According to the Consumer Driven Market Report, "The huge Blue Cross Blue Shield of Florida will offer only a Health Savings Account product to employees next year in the latest sign that larger employers, government workers and unions will be a major source of total replacement offerings in 2010."
What “total replacement offerings” means is that some companies will replace traditional HMO and PPO plans with Health Savings Account qualified health plans for their employees.
So why are so many health insurance companies and big businesses changing their health plans to HSA insurance plans? Simple: large companies are looking for more ways to stay in control of their healthcare costs, yet still provide appealing benefits to their employees. Health Savings Accounts, for many employers, are the ideal solution.
The Consumer Driven Market Report also reported that General Motors announced its plan to only offer Health Savings Account-based healthcare plans to its salaried employees.
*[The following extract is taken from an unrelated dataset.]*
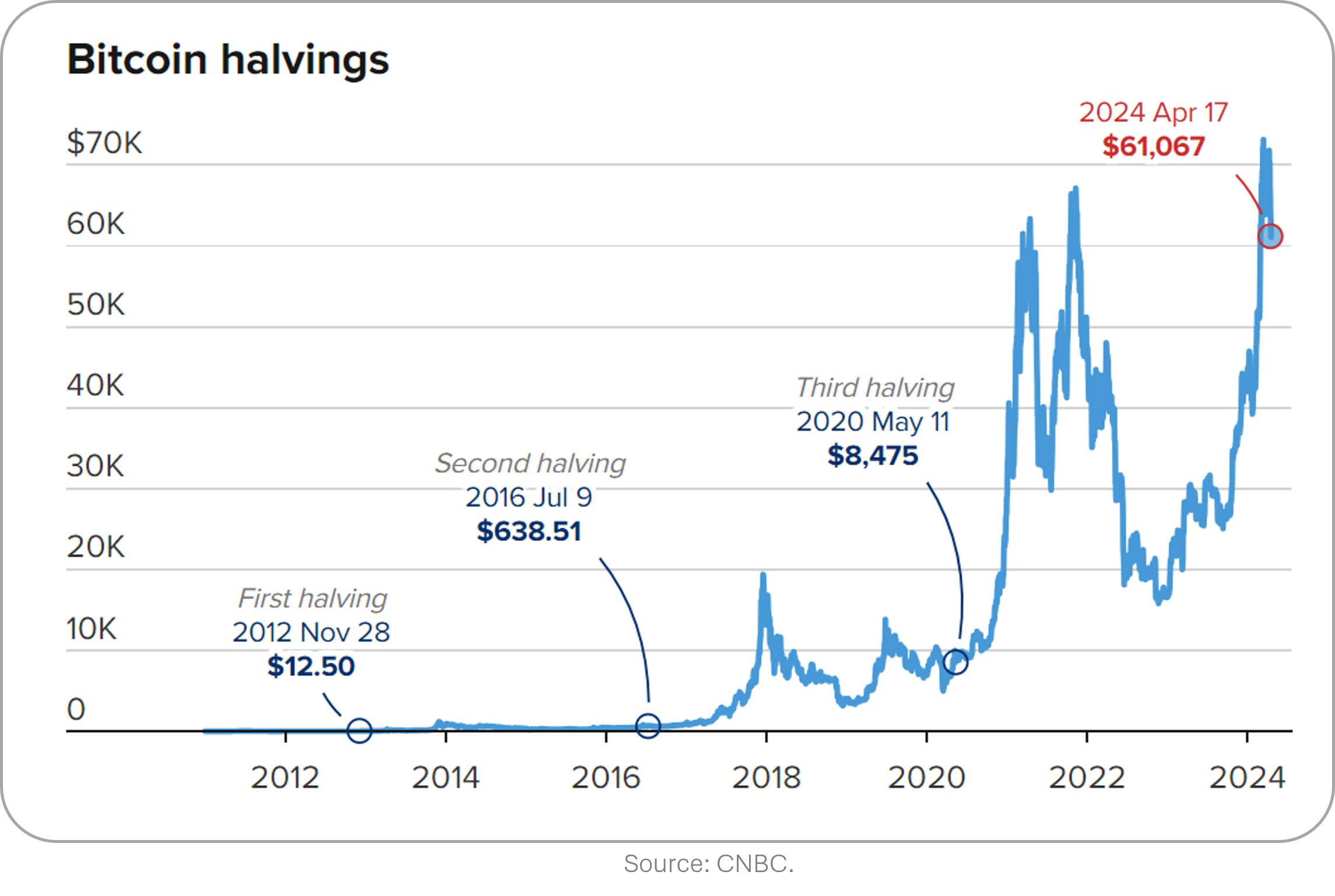 The price of Bitcoin, which recently hit a new all-time high of $76k, has been volatile before the halving and may not see significant increases post-event, as the effect is believed to be already priced in by analysts from JPMorgan and Deutsche Bank. Historically halving events were viewed as a bullish as it increased scarcity but as the price rallied hard prior the event that is not expected to be the case this time.

After a substantial bail-out from the U.S. government (and tax-payers), General Motors appears to be cracking down on its expenses by creating more predictable and cost-effective healthcare plans for its employees. Health Savings Accounts provide the perfect solution for a large company whose expenses are now being closely monitored by the masses.
The General Motors healthcare plan will be a hybrid health plan that includes a low-cost high deductible health insurance plan (which will cover large and unexpected medical bills) and a tax-deductible (pre-tax) Health Savings Account into which employees can contribute funds that will be earmarked to pay for everyday healthcare expenses. This hybrid healthcare plan is somewhat befitting for an American company that has gained back some of its positive reputation by offering a hybrid car that couples a, efficient gasoline engine for highway driving with an electric motor for city driving, don’t you think?